電車がバッテリーを搭載することで、回生ブレーキを使用したときにバッテリーに電力を送ることができるため、回生失効が起きにくくなるということが期待できます。
回生ブレーキは、電力を受け取る車両が近くにいないと、モーターが発電機として機能せず、ブレーキがかかりません。そうするとブレーキ力を得るためにブレーキパッドなどを使用することになります。
ブレーキパッドは機械的な摩耗があり、メンテナンス性にも影響がでます。
ブレーキパッドが車輪と擦れた時に出る粉塵があり、ブレーキダストと呼ばれています。
電車は排気ガスがなく、クリーンだと言われますが、ブレーキの際にこういった粉塵を撒き散らしていることがあります。

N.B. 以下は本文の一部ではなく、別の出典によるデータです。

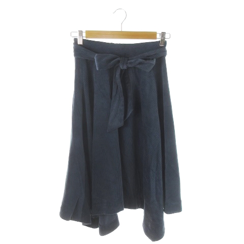 【中古】カージュ Khaju スカート コーデュロイ フレア ミモレ ロング ヘムライン リボン 薄手 紺 ネイビー /AO25
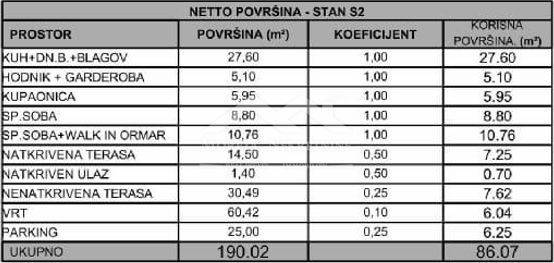 Residential unit S2 on the ground floor of a residential building, net area of ​​86.07 m/2. The apartment consists of: entrance hall with wardrobe, kitchen with living room and dining room, bathroom, two bedrooms, one of which has a walk-in closet. From the living room there is access to a partially covered terrace of 45 m/2. The apartment has a garden of 60.42 m/2 and two parking spaces.
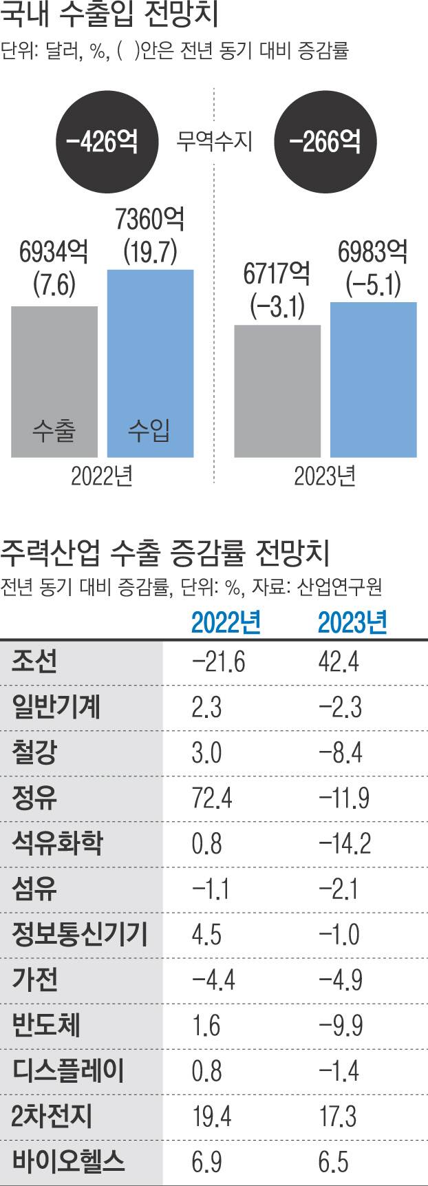 산업연구원은 “원자재 가격이 안정세로 접어들고 원화 약세로 인해 수출 품목 가격경쟁력도 높아질 전망”이라면서도 “세계 경기 둔화로 인한 수요 위축과 반도체 산업 부진 심화 등의 영향으로 수출이 감소세로 돌아설 것으로 예상한다”고 밝혔다.
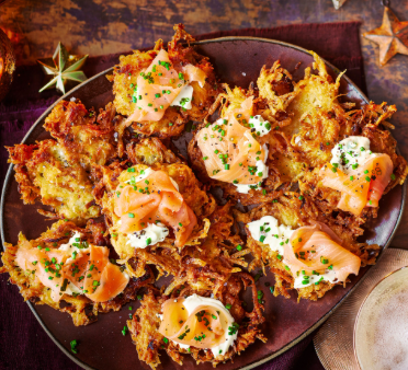 Latkes od lat kojarzone są z Chanuką, ponieważ smażenie ich na oleju symbolizuje cud światła. Jednocześnie, dzięki eleganckim dodatkom takim jak crème fraîche, szczypiorek i wędzony łosoś, doskonale pasują do świątecznego, bożonarodzeniowego stołu. Podane jako małe kanapki lub wykwintna przystawka, zachwycają zarówno prostotą, jak i smakiem.
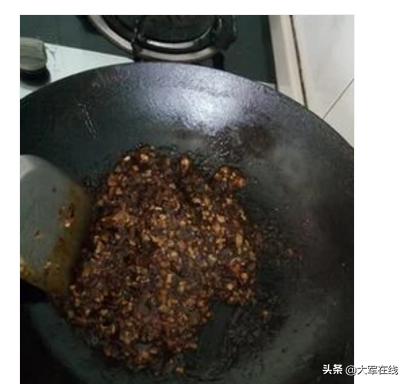 准备猪肉50克(也可以准备牛肉),姜、豆瓣酱和甜面酱适量 做法:猪肉剁成肉末,油锅倒入油烧热下入姜末,肉末翻炒,变色以后加入葱末翻炒
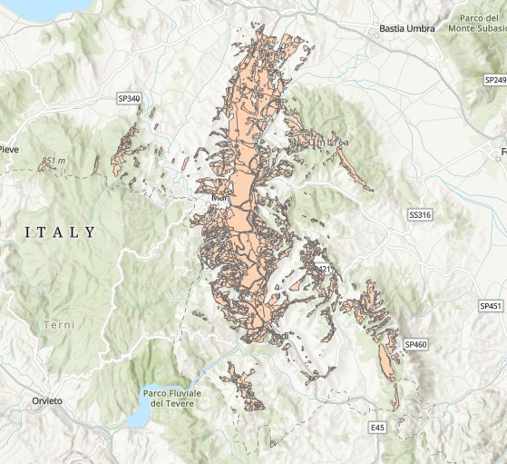 Description: Poligoni di visibilità dalla strada SR 397 nella Provincia di Perugia

上の動画には、回生ブレーキが搭載されている車両もあり、その車両からもしっかり粉塵が出ているので、今普及している技術では、粉塵を完全に押さえ込むことは難しいと考えられます。
バッテリーへ回生電力を送ること、回生失効を減らし、回生ブレーキがより確実に機能することで、ブレーキパッドを使う時間が減るので、こういったブレーキパッドによる粉塵の飛散は減らせる可能性について考えられます。
高速域でブレーキパッドを使うとより粉塵が飛ぶので、高速域で確実に回生ブレーキが作動することで、ブレーキダストが減らせると理論上は考えることができます。